2067 ms with 88959 values 2036 ms with 89548 values 907 ms with 31552 values 332 ms with 2994 values 272 ms with 79 values 287 ms with 137 values 287 ms with 823 values 280 ms with 360 values

It's 300 times slower for small amount of data. This is might be the overhead of creating worker threads.

It's even 3-6 times as slow for large amount of data. This is somewhat surprising, because it cannot be the overhead of creating the worker threads, because they should be limited to 16 and be re-used for additional data, so I would expect at worst the time of the synchronous execution, plus the 280ms overhead of creating the workers, plus a tiny little overhead for the copy of the data. That would be around 700 ms for the second test, but it's actually 2000 ms, almost 3 times as long.

Interestingly, the first test (longer strings) and second test (shorter test) cost about the same time. This makes a big difference in the synchronous execution, but not with parallel.js, where the larger and shorter strings take about the same time. So, the slowdown isn't due to the pure data copy time. (See also the note to the last test below.) This shows that the amount of data has less of an influence than other factors.

This indicates that there might be something wrong (very inefficient) in parallel.js. There is some significant overhead per job, e.g. that workers are not re-used, by re-created all the time for each job, or some other huge overhead per job.

with maxWorkers = 8

(= number of physical CPU cores without SMT)

2002 ms with 88959 (longer) values 1782 ms with 89548 (shorter) values 778 ms with 31552 values 198 ms with 2994 values 156 ms with 79 values 166 ms with 137 values 173 ms with 823 values 153 ms with 360 values

Split up array

Starting only as many jobs as CPU cores, by manually splitting up the value array before running Parallel

593ms with 88959 values 526ms with 89548 values 357ms with 31552 values 304ms with 2994 values 285ms with 79 values 285ms with 137 values 290ms with 823 values 284ms with 360 values

Here, I first manually split up the data array into one array per CPU core, leading to an nested array with 16 elements, each being an array with thousands of values. This feeds a large array to each worker, one per CPU core. Then, within (!) the worker, I make a synchronous loop over the second level array and the thousands of values.

This is to test whether parallel.js is inefficiently distributing the work, e.g. by creating too many workers, or something with a similar effect. This appears to be the case.

I would expect that Parallel.js creates 1 worker per maxWorker, then makes a synchronous loop over the data and runs the function on each value. If it did, it should get speeds very similar to this here. Given that Parallel.js is about 4 times slower, that indicates that there's something to improve.

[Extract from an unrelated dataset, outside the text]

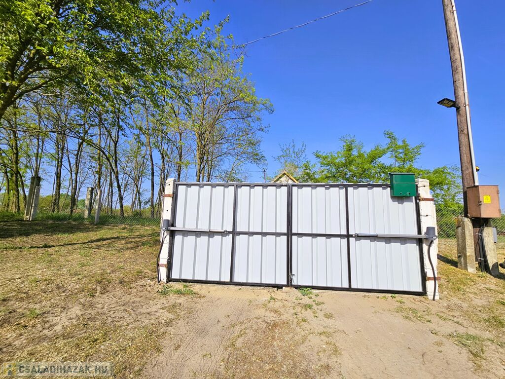 - Terület szövött dróttal bekerített, elektromos kapuval felszerelt.

Split up array, with 8 workers

578ms with 88959 values 457ms with 89548 values 228ms with 31552 values 167ms with 2994 values 142ms with 79 values 147ms with 137 values 155ms with 823 values 149ms with 360 values

This is coming closest to the synchronous version, because it's also sl

1 Worker, 1 Job

This is the same as the last 2 cases, just with core = 1. This means there is no parallelism and the entire data array is passed into a single worker. This is effectively the same as the synchronous version without any parallel.js, just that it's running in a single worker created by Parallel.js.

1178ms with 88959 values 838ms with 89548 values 316ms with 31552 values 83ms with 2994 values 48ms with 79 values 45ms with 137 values 60ms with 823 values 52ms with 360 values

This should be slightly slower than the synchronous version, due to the the overhead of creating the workers, and a lot slower than the parallel one, due to only 1 CPU core being used. However, it's a lot faster than the non-split parallel version, which should not be the case.

This also shows that the data copy, which still has to happen here, is a lesser factor. The data copy needs to happen here as well. Yet, it is a lot faster than the non-split version, which indicates that the data copy is not the primary reason for the slowness.

Conclusion

Using Parallel.js in this case is dramatically slower than the synchronous version, by 1 or 2 orders of magnitude.

Inherent thread creation overhead

There is a certain overhead of using Parallel.js, which is very significant for small inputs: hundreds of times slower, i.e. 2 orders of magnitude slower. That is due to the fundamental cost of creating threads or processes.

This could be worked around by the caller, by checking the amount of input and avoiding Parallel.js in these cases. The factors to consider are: Amount of input data, execution time per function call, and execution time per thread creation.

Data copy overhead

There is also an overhead for copying the data. However, while that is there, results show that this is not the primary reasons for the slowdown.

Needless overhead

There is a huge overhead per job, not just per worker.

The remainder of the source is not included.